BCI & Neuroscience — Theses
Theses: BCI & Neuroscience
Evolving beliefs with evidence. Confidence changes over time as new research arrives.
Thesis 1: Neuralink will have 100+ patients with functional thought-controlled computing by end of 2027
Neuralink has moved from first-in-human to ~20 patients in roughly 18 months, with international expansion to the UK and UAE underway. FDA breakthrough device designation validates the regulatory pathway. The question is no longer whether intracortical BCI works but whether it can scale from research to clinical infrastructure.
Confidence: 5/10 Supporting evidence:
- ~20 PRIME patients currently implanted with thought-controlled computing Evidence: strong (Neuralink PRIME)
- International expansion to UK and UAE indicates regulatory momentum Evidence: moderate (Neuralink PRIME)
- FDA breakthrough device designation validates pathway Evidence: strong (Neuralink PRIME)
Challenging evidence:
- Going from ~20 to 100+ requires 5x scaling of surgical infrastructure in 18 months
- Long-term (5-10 year) electrode biocompatibility is unproven — could limit patient pool
- Each surgery requires specialized neurosurgical teams — not a bottleneck that scales easily
- Cost per implant at research stage is prohibitive for most patients
- Standardized outcome measures across BCI trials do not yet exist
- Regulatory approval in UK/UAE does not guarantee patient volume
Evolution:
- Apr 5, 2026 — Initial thesis at 5/10. The trajectory from 0 to ~20 is encouraging, but surgical scaling is fundamentally different from software scaling. 100+ by end of 2027 requires roughly 4-5 implants per month, which demands multiple surgical centers operating in parallel. Achievable if Neuralink prioritizes it, but not certain.
Depends on: invasive-vs-noninvasive-bci, neuroprosthetics Would change if: Neuralink announces a multi-center surgical expansion, or if electrode degradation issues emerge in early patients.
Thesis 2: Speech BCI will restore communication for locked-in patients within 3 years at clinically meaningful accuracy
Two converging breakthroughs make this thesis viable. BIT achieves 10% WER (down from 24.69%) by aligning neural embeddings with audio LLM representations. Stanford demonstrates inner speech decoding from motor cortex, showing that thought patterns are attenuated versions of attempted speech. Together, these open the path from attempted-speech decoding to true thought-to-text communication.
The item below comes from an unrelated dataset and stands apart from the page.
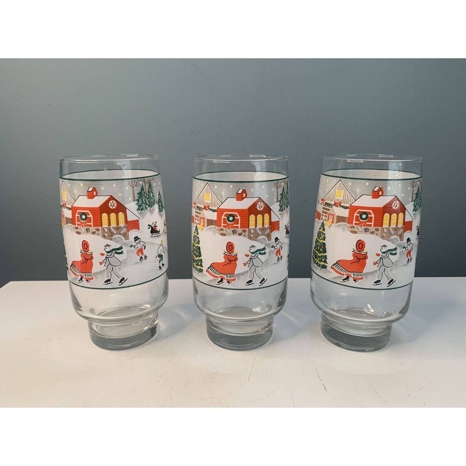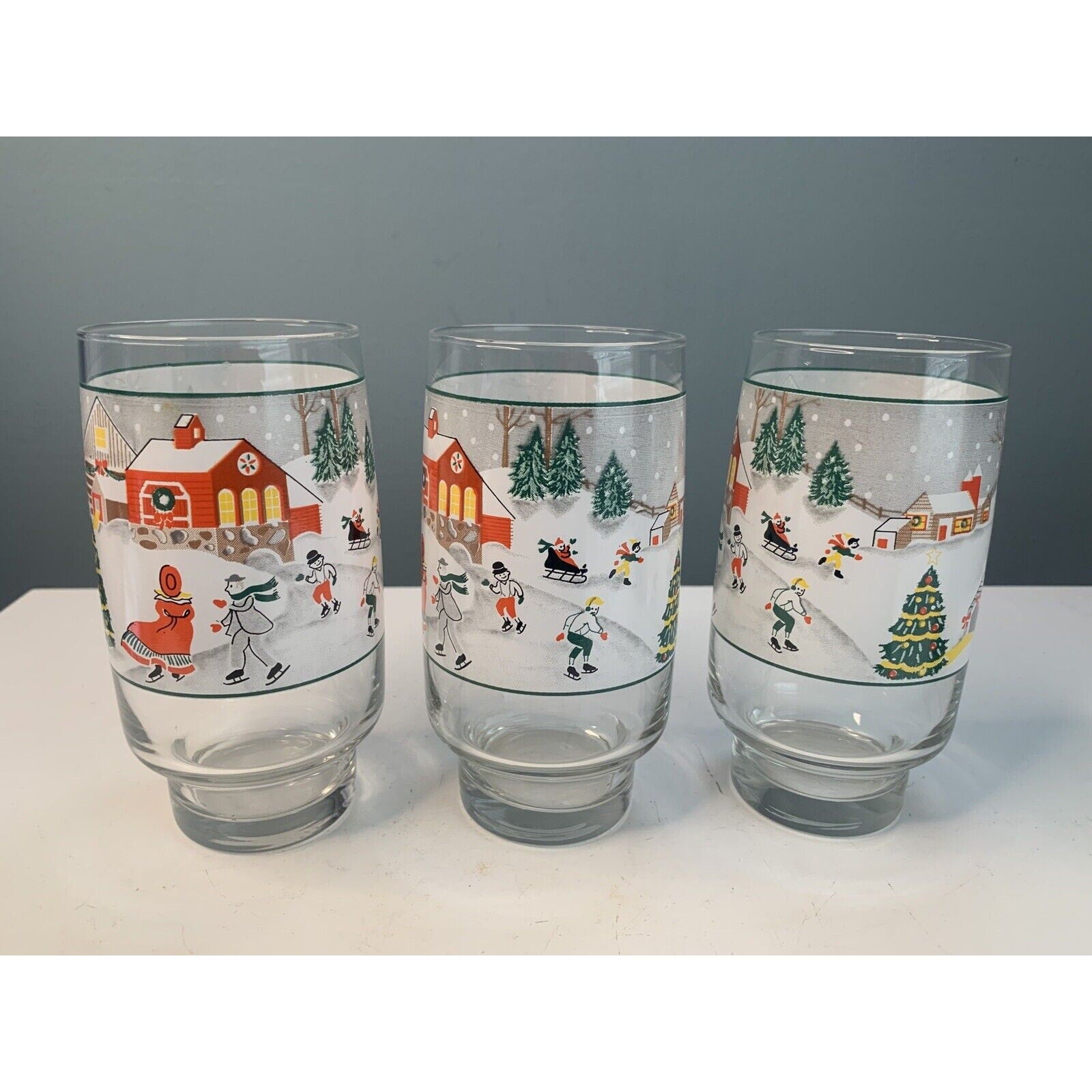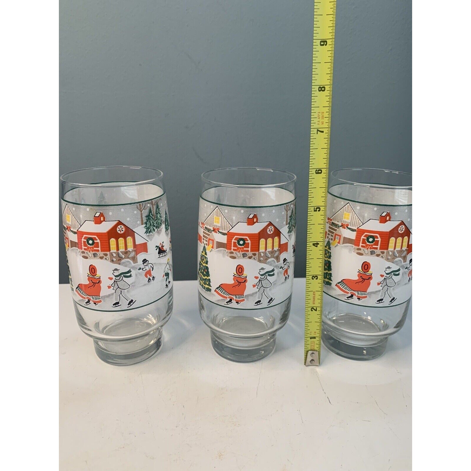 Crafted from high-quality glass, these tumblers are both durable and elegant. The set includes three tumblers, each measuring 6" in height and weighing 1 pound and 7 ounces. Ideal for any Christmas occasion, these original, licensed reproduction tumblers are sure to impress your guests.

Confidence: 6/10 Supporting evidence:
- BIT framework: 10% WER brain-to-text, down from 24.69% SOTA Evidence: strong (BIT)
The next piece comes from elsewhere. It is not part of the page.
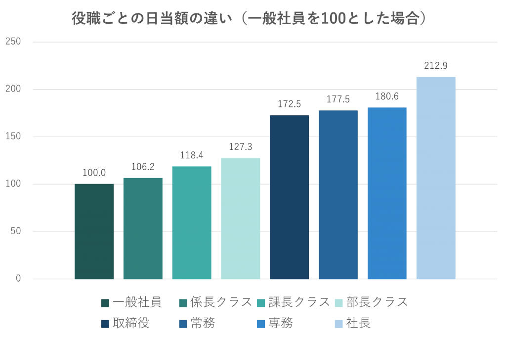 なお、産労総合研究所が実施した調査「2019年度 国内・海外出張旅費に関する調査」によると、一般社員の日当を100とした場合、部長クラスは127.3、取締役クラスは172.5、社長が212.9という結果が出ています(日帰り出張の場合)。
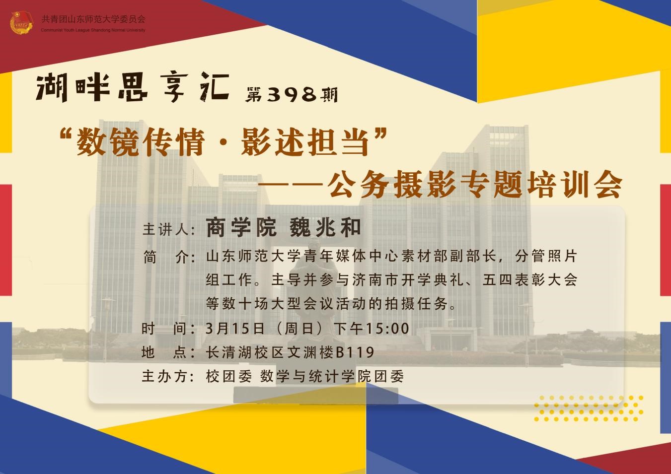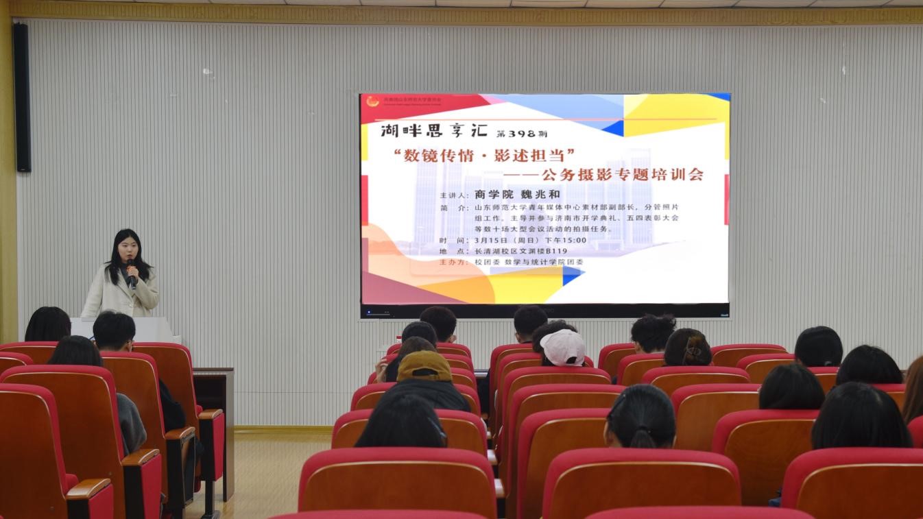 3月15日下午,由校团委和数学与统计学院团委联合主办的第398期湖畔思享汇于长清湖校区文渊楼B119报告厅举办。本次活动以“数镜传情・影述担当”为主题,特邀山东师范大学青年媒体中心素材部副部长魏兆和同学担任主讲嘉宾。

- Contrastive learning aligns neural embeddings with audio LLM representations — elegant bridge Evidence: strong (BIT)
- Stanford inner speech decoding from motor cortex, 4 patients Evidence: strong (Stanford)
- Inner speech patterns are attenuated versions of attempted speech — existing BCIs can adapt Evidence: strong (Stanford)
- Synchron's minimally invasive approach could expand patient eligibility Evidence: moderate (Synchron)
Challenging evidence:
- Generalization across patients and recording modalities is unproven
- Real-time performance for practical communication not yet demonstrated
- Open vocabulary vs. constrained vocabularies — clinical use requires open vocabulary
- Privacy implications of inner speech decoding are largely unexplored
- Integration with minimally invasive or non-invasive hardware is an open problem
- "Clinically meaningful" requires >90% accuracy for reliable communication — 10% WER is there but only in controlled settings
Evolution:
- Apr 5, 2026 — Initial thesis at 6/10. The BIT result is remarkable and the Stanford inner speech finding is the conceptual breakthrough that connects these systems to locked-in patients. "Within 3 years" means clinical trials demonstrating practical communication by 2029, not commercial availability. The audio LLM bridge pattern could accelerate progress faster than traditional signal processing approaches.
Depends on: speech-bci, neural-signal-decoding, invasive-vs-noninvasive-bci Would change if: BIT achieves <5% WER in a multi-patient study, or if inner speech decoding proves unreliable outside Stanford's specific electrode placement protocol.